Paul Amundarain belongs to a generation that received the legacy of the grid already deconstructed. The grid allowed modernity to be structured and art to be reorganized. His research tries to solve social problems using technological processes as a record of his own experiences.
His largest series of assemblages titled Urban Skins and Anarchical Skins are a visual synthesis of what Caracas looks like from above, intending to analyze and reflect upon the social circumstances and irrationality that prevail in this chaotic urban development. Amundarain departs from the overhead shots taken from the city’s barrios (slums) as a model, and dissects its landscape formed by the geometric shapes of the roofs of millions of ranchos (favelas).

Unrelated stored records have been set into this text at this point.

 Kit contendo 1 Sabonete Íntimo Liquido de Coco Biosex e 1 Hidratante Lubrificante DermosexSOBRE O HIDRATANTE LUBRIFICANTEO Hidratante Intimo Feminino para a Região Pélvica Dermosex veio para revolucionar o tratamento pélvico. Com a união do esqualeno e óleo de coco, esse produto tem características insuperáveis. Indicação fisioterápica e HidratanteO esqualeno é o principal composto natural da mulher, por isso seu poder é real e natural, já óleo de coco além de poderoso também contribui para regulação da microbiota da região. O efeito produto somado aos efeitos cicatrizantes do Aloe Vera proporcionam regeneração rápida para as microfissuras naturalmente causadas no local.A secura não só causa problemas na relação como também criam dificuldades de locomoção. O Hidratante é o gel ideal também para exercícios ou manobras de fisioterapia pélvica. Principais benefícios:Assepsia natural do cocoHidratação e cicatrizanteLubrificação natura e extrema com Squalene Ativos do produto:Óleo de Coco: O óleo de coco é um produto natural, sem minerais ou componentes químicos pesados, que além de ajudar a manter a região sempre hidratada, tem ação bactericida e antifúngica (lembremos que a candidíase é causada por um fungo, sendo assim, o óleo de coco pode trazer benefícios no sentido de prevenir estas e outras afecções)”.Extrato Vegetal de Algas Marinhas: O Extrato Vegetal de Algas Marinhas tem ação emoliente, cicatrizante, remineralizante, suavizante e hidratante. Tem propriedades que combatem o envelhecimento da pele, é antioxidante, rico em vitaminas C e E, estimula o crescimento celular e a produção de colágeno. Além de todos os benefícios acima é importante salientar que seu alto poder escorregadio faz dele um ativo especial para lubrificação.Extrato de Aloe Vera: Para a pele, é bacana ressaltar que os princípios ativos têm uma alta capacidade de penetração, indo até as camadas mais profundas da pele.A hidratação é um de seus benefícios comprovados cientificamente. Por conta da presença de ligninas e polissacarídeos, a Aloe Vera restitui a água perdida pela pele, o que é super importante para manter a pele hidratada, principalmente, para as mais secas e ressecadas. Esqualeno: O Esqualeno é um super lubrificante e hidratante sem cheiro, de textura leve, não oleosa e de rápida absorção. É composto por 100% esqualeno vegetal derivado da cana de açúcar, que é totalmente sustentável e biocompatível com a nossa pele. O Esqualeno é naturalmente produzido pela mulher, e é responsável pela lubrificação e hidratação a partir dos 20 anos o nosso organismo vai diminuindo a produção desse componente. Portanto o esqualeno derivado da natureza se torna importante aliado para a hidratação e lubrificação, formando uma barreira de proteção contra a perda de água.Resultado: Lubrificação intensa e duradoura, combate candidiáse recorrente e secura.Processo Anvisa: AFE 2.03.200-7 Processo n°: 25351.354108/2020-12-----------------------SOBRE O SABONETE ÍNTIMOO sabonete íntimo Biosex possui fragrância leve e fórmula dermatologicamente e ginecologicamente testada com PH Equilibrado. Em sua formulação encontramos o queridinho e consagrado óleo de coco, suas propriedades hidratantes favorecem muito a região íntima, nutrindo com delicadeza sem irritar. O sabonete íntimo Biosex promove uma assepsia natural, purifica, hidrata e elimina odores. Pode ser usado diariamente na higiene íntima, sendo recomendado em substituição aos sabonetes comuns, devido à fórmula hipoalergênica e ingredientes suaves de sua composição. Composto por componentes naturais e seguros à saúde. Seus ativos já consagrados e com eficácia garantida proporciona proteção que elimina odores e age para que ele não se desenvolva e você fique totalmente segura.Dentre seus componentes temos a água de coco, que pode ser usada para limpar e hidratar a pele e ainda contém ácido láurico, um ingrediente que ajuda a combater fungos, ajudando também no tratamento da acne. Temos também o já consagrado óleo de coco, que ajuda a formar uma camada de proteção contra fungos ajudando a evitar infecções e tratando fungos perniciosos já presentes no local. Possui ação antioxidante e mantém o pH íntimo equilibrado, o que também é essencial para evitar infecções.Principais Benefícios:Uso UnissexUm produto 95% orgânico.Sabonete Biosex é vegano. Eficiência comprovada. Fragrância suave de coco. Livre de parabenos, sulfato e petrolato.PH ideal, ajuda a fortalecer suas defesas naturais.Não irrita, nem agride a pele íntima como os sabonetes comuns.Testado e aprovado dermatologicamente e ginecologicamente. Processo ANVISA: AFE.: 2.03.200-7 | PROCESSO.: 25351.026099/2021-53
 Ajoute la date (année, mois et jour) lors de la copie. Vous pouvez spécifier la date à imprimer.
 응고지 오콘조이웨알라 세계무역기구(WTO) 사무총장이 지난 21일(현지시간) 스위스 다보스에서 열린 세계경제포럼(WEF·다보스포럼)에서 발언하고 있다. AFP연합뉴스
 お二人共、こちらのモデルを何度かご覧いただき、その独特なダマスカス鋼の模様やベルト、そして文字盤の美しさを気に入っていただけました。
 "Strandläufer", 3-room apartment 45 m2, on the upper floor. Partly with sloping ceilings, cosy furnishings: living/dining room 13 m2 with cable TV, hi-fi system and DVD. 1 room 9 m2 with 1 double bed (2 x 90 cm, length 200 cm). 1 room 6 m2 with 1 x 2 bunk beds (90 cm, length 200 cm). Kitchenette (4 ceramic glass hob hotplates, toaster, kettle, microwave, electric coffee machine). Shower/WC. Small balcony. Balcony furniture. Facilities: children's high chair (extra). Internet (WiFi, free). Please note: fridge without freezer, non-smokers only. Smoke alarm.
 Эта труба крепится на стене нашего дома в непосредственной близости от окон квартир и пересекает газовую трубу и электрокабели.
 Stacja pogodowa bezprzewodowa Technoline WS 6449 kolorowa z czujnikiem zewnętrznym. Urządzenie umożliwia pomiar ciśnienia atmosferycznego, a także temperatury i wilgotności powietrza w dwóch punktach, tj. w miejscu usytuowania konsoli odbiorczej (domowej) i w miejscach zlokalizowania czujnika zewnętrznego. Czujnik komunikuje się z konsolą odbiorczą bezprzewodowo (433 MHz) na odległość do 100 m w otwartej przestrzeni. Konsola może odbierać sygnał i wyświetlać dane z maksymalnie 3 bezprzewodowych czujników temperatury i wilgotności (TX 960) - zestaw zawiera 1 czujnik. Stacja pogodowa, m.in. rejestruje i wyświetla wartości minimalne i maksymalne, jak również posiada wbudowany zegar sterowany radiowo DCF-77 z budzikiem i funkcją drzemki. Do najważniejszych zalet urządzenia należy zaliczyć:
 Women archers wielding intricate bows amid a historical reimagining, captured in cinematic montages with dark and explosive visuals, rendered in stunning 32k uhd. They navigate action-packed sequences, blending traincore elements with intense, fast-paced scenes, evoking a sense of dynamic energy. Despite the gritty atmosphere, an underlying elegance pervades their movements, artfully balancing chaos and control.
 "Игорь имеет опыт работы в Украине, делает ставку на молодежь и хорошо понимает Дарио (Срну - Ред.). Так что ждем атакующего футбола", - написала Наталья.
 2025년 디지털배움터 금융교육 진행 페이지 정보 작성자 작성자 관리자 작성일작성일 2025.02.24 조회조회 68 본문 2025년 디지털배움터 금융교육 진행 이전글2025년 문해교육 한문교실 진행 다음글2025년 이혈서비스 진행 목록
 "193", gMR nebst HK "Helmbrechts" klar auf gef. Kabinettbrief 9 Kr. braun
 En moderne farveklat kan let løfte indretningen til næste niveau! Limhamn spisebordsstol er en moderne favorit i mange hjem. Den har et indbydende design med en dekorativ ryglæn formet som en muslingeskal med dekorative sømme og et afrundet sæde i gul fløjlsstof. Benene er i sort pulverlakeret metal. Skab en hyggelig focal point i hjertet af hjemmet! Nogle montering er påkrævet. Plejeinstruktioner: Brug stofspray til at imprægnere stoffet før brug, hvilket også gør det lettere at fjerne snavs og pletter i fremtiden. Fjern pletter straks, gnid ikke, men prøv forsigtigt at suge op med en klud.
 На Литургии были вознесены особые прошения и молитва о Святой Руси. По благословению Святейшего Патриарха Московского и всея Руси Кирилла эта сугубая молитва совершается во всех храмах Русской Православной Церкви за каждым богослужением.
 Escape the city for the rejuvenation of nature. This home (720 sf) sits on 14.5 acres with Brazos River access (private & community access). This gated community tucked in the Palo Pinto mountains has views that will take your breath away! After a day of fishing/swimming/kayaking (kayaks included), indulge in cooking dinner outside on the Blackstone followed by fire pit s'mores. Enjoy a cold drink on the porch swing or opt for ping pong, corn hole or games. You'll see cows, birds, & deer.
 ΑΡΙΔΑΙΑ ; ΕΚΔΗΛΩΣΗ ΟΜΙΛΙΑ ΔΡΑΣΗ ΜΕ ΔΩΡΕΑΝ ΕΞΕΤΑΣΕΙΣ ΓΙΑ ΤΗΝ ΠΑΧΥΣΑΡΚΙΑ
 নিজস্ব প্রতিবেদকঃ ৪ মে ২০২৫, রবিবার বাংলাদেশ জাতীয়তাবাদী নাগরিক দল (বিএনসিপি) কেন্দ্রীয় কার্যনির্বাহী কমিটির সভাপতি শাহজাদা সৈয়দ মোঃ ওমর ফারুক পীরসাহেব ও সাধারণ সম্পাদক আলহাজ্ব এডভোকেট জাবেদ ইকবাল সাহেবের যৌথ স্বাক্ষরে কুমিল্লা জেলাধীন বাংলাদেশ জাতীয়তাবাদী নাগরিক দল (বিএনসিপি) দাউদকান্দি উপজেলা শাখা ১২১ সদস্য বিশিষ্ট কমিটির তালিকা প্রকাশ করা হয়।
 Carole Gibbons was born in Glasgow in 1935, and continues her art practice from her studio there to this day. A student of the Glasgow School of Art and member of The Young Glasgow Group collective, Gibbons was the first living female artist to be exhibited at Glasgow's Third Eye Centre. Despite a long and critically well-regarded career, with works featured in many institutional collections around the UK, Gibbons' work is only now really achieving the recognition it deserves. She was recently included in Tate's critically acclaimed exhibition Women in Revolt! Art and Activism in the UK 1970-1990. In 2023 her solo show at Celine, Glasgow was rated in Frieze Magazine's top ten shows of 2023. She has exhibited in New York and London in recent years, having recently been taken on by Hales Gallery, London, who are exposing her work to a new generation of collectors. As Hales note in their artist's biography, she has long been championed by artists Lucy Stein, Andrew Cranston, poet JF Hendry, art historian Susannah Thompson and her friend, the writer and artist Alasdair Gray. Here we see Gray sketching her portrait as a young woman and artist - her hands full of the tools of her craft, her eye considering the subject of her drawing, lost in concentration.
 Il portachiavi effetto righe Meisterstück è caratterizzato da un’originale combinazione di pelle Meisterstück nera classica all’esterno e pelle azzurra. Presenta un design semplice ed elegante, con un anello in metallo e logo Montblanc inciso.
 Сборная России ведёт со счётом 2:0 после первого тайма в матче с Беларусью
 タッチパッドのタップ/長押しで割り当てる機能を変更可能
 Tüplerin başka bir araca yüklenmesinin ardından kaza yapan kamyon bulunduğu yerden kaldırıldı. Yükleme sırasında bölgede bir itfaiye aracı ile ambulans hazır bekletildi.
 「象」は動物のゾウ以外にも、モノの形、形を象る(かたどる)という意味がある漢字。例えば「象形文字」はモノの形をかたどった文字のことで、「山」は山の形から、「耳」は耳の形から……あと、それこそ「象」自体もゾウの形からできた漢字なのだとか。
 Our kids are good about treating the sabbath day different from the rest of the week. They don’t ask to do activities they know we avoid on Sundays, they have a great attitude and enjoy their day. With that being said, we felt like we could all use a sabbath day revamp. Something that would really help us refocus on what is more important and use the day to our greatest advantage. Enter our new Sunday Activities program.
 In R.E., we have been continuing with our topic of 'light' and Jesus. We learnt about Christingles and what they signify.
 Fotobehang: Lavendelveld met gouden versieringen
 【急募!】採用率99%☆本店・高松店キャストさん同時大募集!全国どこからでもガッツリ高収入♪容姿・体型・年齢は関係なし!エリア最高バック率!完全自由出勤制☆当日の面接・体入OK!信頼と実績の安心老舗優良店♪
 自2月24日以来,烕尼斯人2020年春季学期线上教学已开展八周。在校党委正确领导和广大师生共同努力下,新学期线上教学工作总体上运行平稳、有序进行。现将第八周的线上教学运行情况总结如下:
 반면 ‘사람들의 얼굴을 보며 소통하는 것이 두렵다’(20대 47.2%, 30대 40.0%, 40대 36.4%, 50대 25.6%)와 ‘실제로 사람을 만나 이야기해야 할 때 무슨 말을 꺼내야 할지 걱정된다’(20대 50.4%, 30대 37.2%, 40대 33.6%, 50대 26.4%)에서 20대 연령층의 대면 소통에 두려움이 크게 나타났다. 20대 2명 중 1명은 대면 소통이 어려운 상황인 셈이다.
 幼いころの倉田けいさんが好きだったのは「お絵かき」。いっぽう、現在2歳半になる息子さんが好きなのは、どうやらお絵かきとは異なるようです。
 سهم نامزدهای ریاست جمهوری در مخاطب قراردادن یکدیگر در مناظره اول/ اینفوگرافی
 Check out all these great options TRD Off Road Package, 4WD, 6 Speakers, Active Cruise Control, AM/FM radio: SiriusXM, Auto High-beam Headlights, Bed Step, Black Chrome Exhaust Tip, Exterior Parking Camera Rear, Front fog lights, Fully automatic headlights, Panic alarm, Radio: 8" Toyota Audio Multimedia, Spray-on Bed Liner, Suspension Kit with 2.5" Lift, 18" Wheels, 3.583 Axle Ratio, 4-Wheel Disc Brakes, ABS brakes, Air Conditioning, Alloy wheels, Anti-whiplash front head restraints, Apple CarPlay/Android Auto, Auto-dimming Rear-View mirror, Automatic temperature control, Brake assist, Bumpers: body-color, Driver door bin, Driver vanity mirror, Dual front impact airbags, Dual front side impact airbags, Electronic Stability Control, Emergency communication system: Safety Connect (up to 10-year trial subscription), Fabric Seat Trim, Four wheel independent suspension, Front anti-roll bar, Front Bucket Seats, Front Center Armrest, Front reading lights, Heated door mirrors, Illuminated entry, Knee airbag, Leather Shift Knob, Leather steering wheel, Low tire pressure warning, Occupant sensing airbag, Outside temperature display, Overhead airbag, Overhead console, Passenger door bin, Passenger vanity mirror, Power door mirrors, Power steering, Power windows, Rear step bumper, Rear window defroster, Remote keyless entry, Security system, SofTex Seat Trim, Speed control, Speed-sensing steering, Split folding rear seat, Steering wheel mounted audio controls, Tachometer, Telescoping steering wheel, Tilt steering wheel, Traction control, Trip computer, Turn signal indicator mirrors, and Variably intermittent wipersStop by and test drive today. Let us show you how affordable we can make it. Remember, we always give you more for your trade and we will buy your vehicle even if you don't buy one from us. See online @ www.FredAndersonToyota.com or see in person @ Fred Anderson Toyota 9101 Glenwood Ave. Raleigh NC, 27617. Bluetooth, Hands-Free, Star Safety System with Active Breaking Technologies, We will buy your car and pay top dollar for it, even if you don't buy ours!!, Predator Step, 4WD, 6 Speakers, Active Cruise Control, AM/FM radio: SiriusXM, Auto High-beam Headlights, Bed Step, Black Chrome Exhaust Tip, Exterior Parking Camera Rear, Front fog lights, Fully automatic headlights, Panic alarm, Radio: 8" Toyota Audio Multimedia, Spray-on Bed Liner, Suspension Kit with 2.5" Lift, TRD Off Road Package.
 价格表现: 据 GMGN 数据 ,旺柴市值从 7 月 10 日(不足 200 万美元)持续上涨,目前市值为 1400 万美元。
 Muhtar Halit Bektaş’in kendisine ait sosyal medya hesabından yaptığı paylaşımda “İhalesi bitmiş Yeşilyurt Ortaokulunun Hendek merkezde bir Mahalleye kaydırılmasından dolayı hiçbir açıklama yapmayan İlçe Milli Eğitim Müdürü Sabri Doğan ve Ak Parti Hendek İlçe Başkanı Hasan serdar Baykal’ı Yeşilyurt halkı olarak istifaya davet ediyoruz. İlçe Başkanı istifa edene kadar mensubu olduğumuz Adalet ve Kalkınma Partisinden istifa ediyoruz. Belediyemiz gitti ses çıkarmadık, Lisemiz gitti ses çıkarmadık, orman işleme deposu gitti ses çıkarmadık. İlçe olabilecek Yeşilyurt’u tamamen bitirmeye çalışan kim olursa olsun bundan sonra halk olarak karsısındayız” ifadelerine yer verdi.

He uses Aluminum triangle and square blade-like shapes that overlap the bi-dimensional surface and produces volumetric assemblages that suggest not only the violence, but also the unruly and massive informal habitable solutions of poverty.
In other bodies of work, Amundarain is reflecting upon Venezuela’s conflictive street violence to generate paintings, sculptures and installations, thinking about the unfortunate popular culture icons of violence in the context of their own reality, in which the whole city becomes a crime scene at large. It is quite common in today’s Caracas to find its urban landscape scarred with physical evidence of this violence, such as the traces left from bullets in street signs, protection barriers on roads, and damaged infrastructure that present vestiges of thuggery. In his series Impact, Amundarain perforates aluminum surfaces painted in gold with real bullets, or as in Formal Subtraction where he removes highway safety barriers that have been damaged by car crashes or bullets, and alters them into sculptures, not before intervening them with paint or chroming their surfaces.
With his work, Amundarain is commenting about the social scenario of a system that has progressively fallen on hard times, using a visual strategy that pertains to Venezuela´s rooted art historiography within the disciplinary boundaries of geometric abstraction.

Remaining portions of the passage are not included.